The New Battlefield: Your Cloud Provider
A London based data center developer, Pure Data Centre Group, has slammed the brakes on all Middle East investments after one of its facilities was caught in the crossfire of the ongoing Iran conflict. CEO Gary Wojtaszek compared the situation to refusing to enter a burning building. The company’s Yas Island campus in Abu Dhabi, already housing 20 megawatts of capacity for an unnamed hyperscale client, was struck by shrapnel from a near miss. This isn’t an isolated incident. Amazon Web Services confirmed that Iranian strikes hit two of its data centers in the UAE and damaged a third in Bahrain, triggering fire suppression systems that caused water damage and knocked out services for banks and ride hailing apps for days.

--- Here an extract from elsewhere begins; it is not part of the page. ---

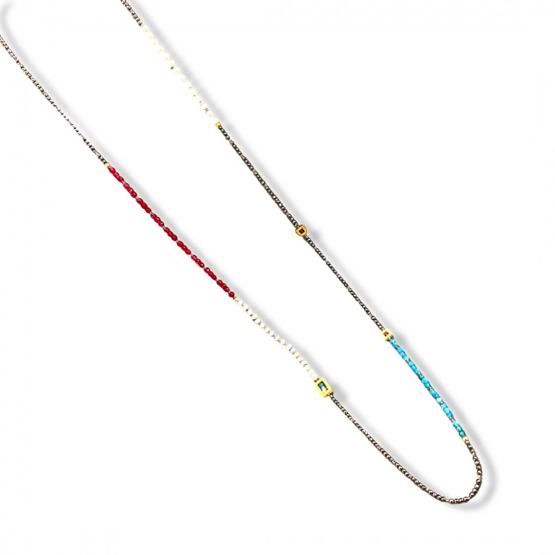 Your new wardrobe essential! This hand-knotted necklace can be worn long or doubled as a shorter, layered piece. Beautiful combination of semiprecious stones make this piece extremely versatile. Can easily dress up or down.

The $150 Million Wake Up Call
The financial reckoning is here. Amazon had to waive all customer charges for its Middle East cloud region for the entire month of March 2026, a move that cost the company an estimated $150 million in lost revenue, not including the cost of repairing the damaged facilities. Existing civil law frameworks in the region place the burden squarely on operators to refund clients during military conflicts. This is no longer a theoretical risk. Iran’s Revolutionary Guard Corps has explicitly named Google, Microsoft, Palantir, Nvidia, and Oracle as targets, and followed through on April 2 by striking an Oracle data center in Dubai. The tech industry’s dream of turning the Gulf into a trillion dollar AI hub alongside the US and China now looks like a fantasy built on sand.
The Return of Hard Power
The era of pretending data centers are neutral territory is over. Tech companies are suddenly confronting the grim reality that their infrastructure is now a battlefield asset. The response so far is a scramble: distributed smaller facilities, anti drone systems, and a desperate search for insurance coverage that doesn’t exist. Forbes reports that defense contractors are seeing a surge in interest for securing server farms with air defense systems. This is a crisis of strategy, not just security. Silicon Valley’s vision of frictionless global expansion has collided with the messy reality of geopolitics, and the industry is wholly unprepared for the consequences.